Pila bautismal. Museo de El Bardo (Túnez) |
A lo largo de las diversas celebraciones de estos días de Navidad, la Iglesia presenta a nuestra consideración la múltiple riqueza de los misterios de la Encarnación y la infancia de nuestro Señor Jesucristo que ahora conmemoramos: su nacimiento en Belén, su circuncisión, adoración de los magos, huida a Egipto, vida de hogar en Nazaret…
Este Domingo, la Liturgia nos invita a meditar en uno de los frutos de la Navidad: nuestra elevación a la condición de hijos de Dios por la fe en Jesucristo.
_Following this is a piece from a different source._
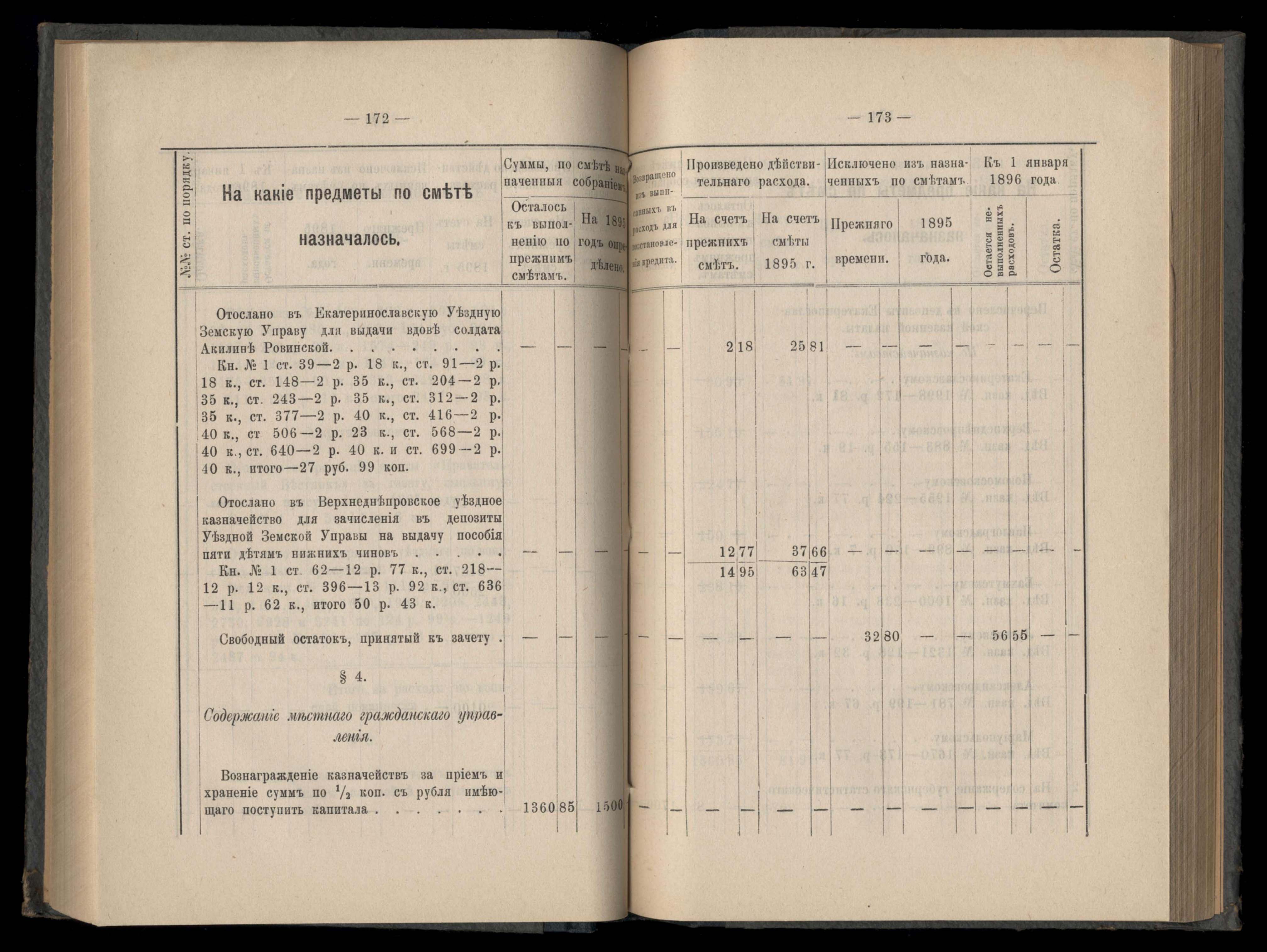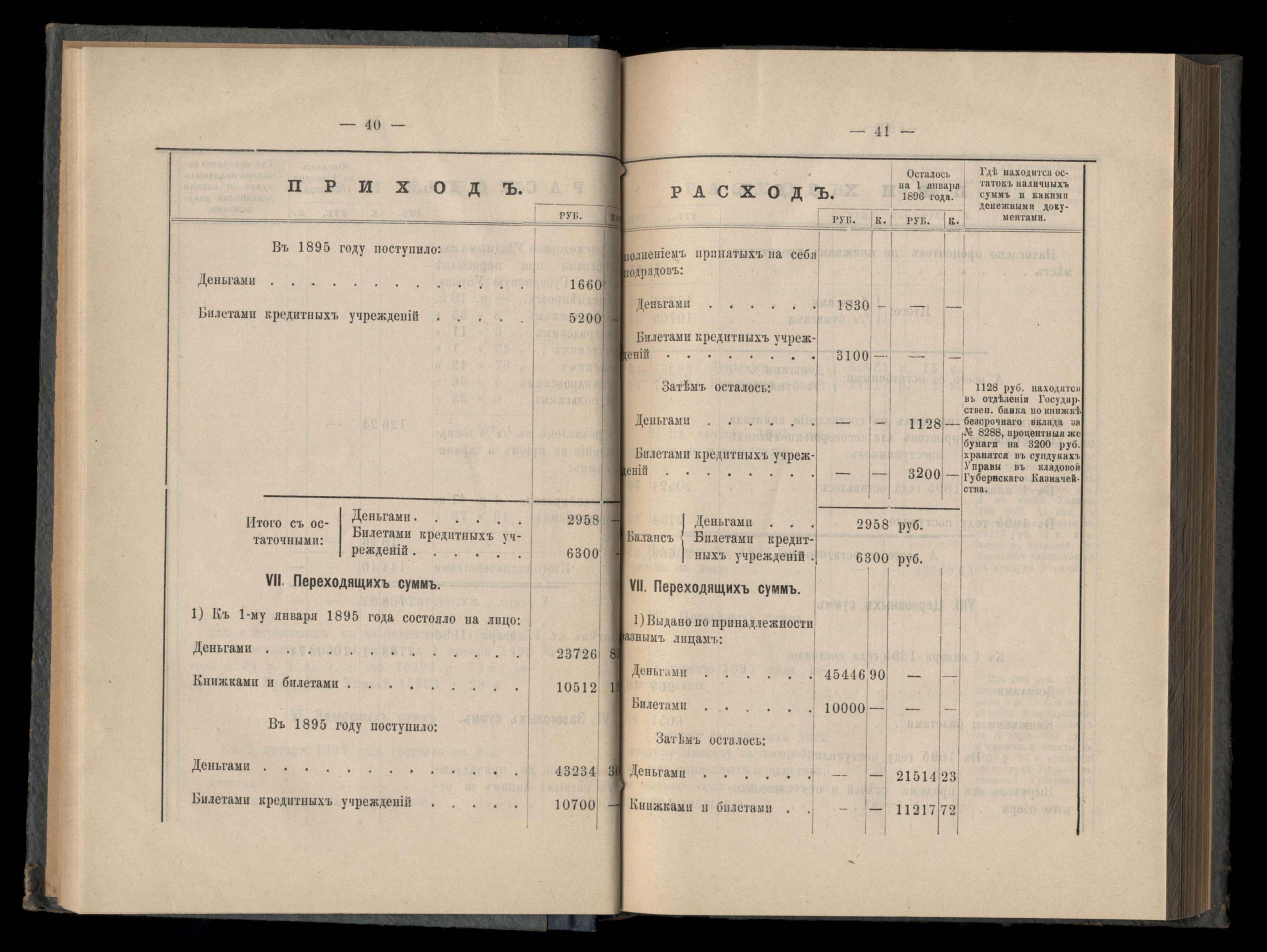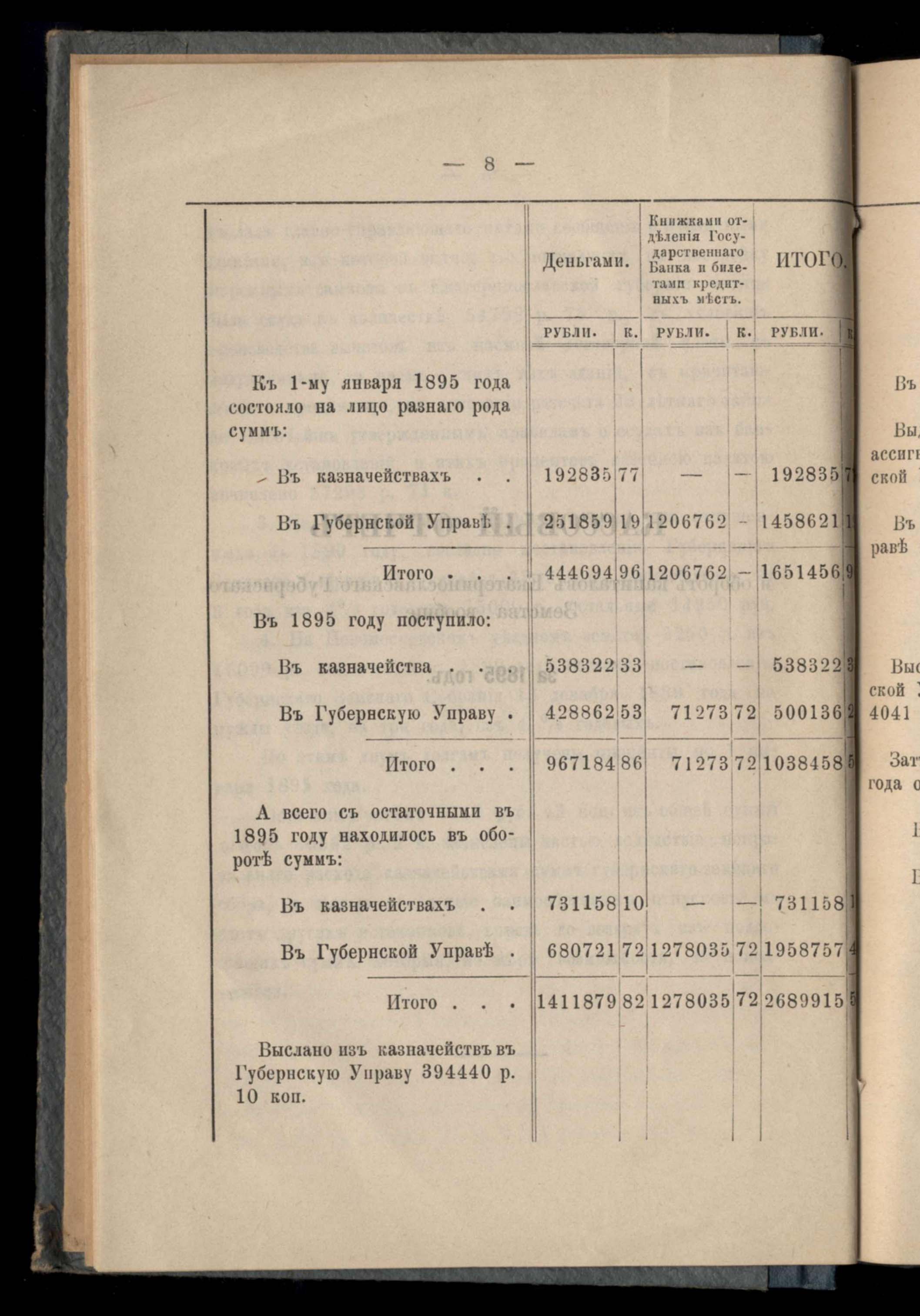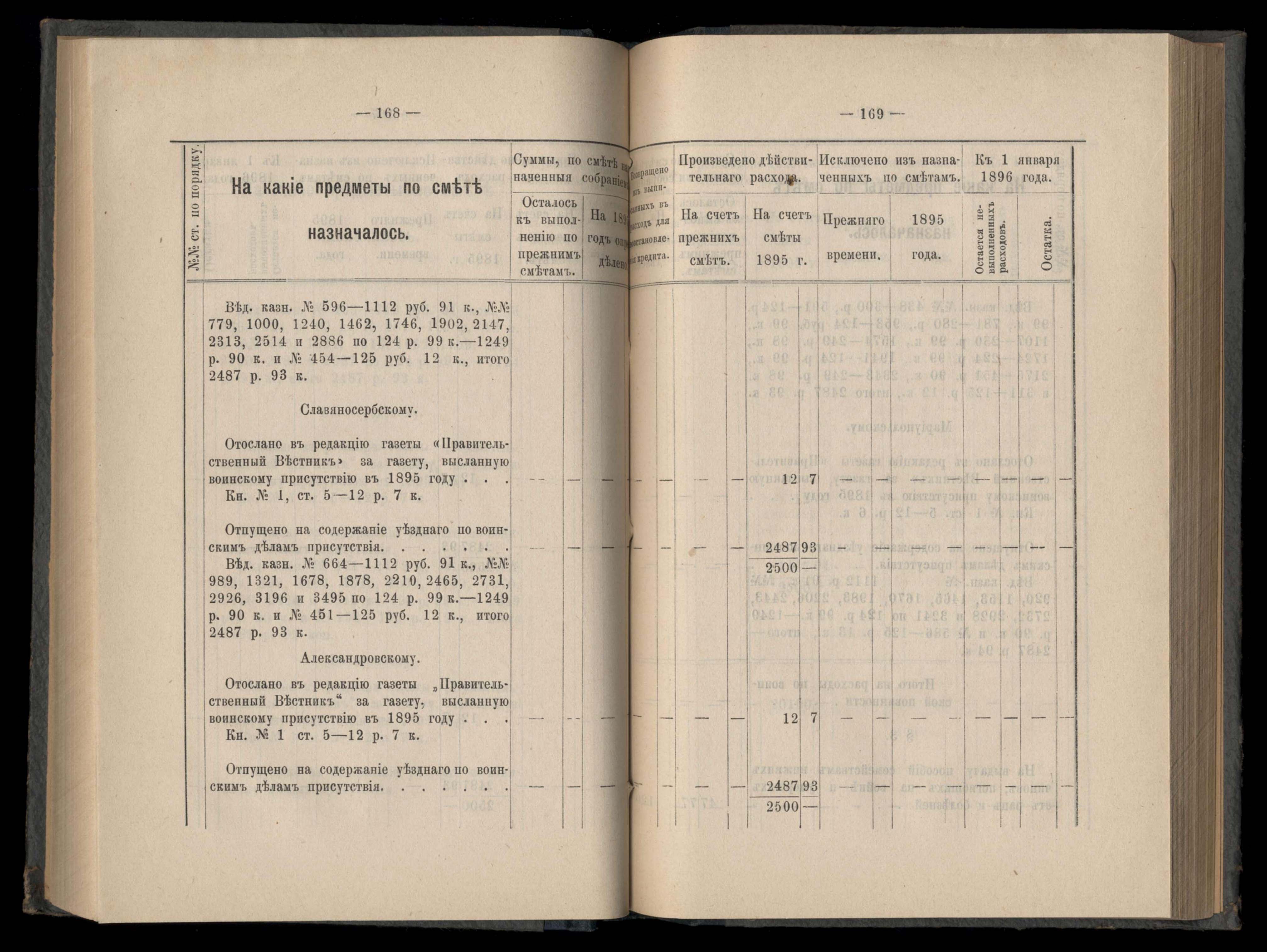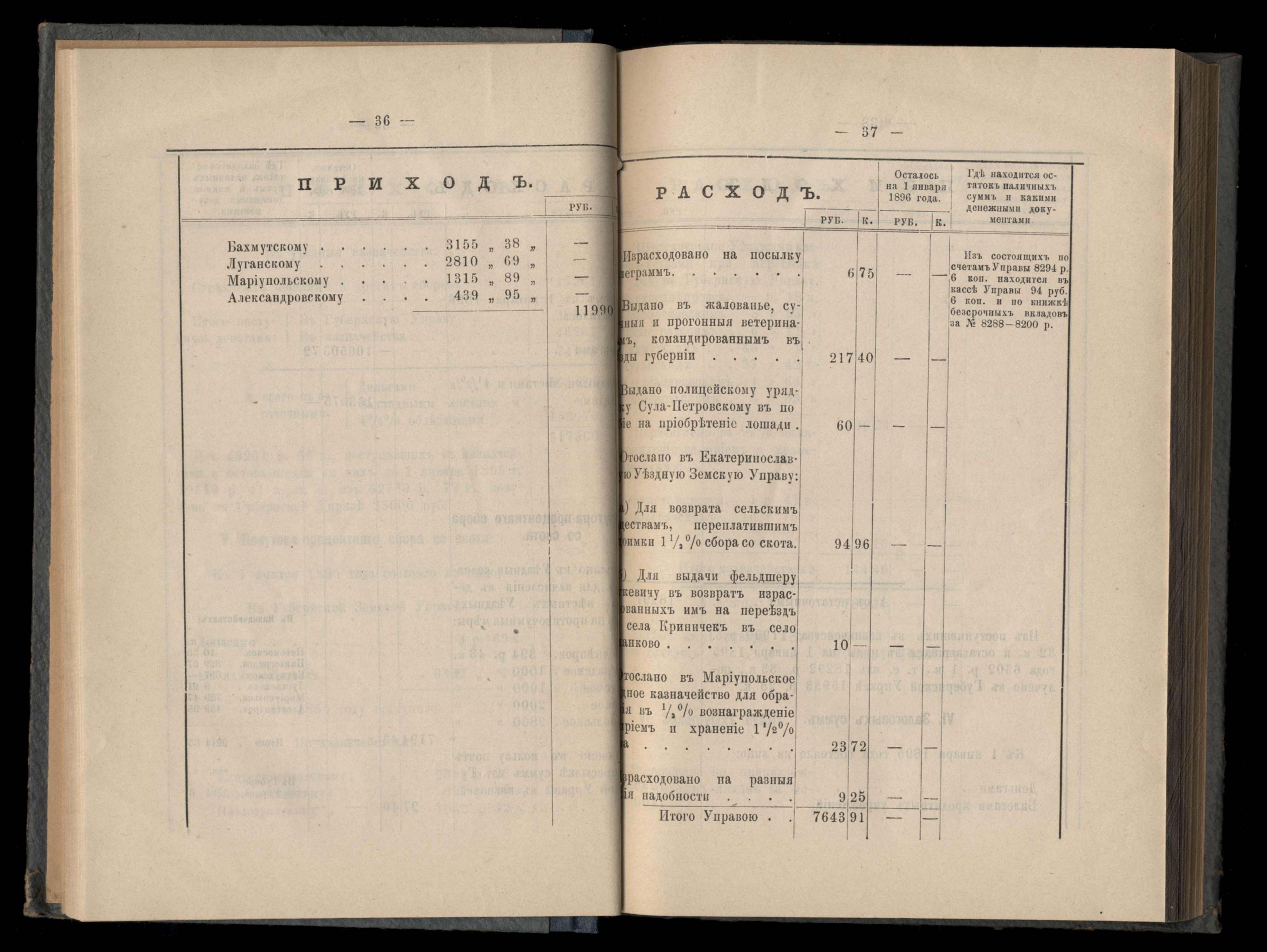 Ведомость Екатеринославской Губернской Земской Управы о приходе и расходе суммъ Имперскаго продовольственнаго капитала, отпущеннаго Правительствомъ для выдачи въ ссуду сельскимъ обществамъ на продовольствіе за 1895 годъ

Como escuchamos en el Santo Evangelio: «a todos los que lo recibieron, les dio el poder de llegar a ser hijos de Dios: a los que creen en su nombre» (Jn 1, 12).
I. «Se dice que Dios es Padre:
1º. Porque es Padre, por naturaleza, de la segunda persona de la Santísima Trinidad, que es el Hijo engendrado por El.
2º. Porque Dios es Padre de todos los hombres que él ha creado, conserva y gobierna.
3º. Porque finalmente, es Padre por gracia de todos los buenos cristianos, que por eso se llaman hijos de Dios adoptivos» (Catecismo Mayor).
La filiación divina natural se da en un grado eminente y único en Dios Hijo: «Jesucristo se llama Hijo Único de Dios Padre porque sólo Él es el Hijo suyo por naturaleza, y nosotros somos hijos por creación y adopción» (Ibid.)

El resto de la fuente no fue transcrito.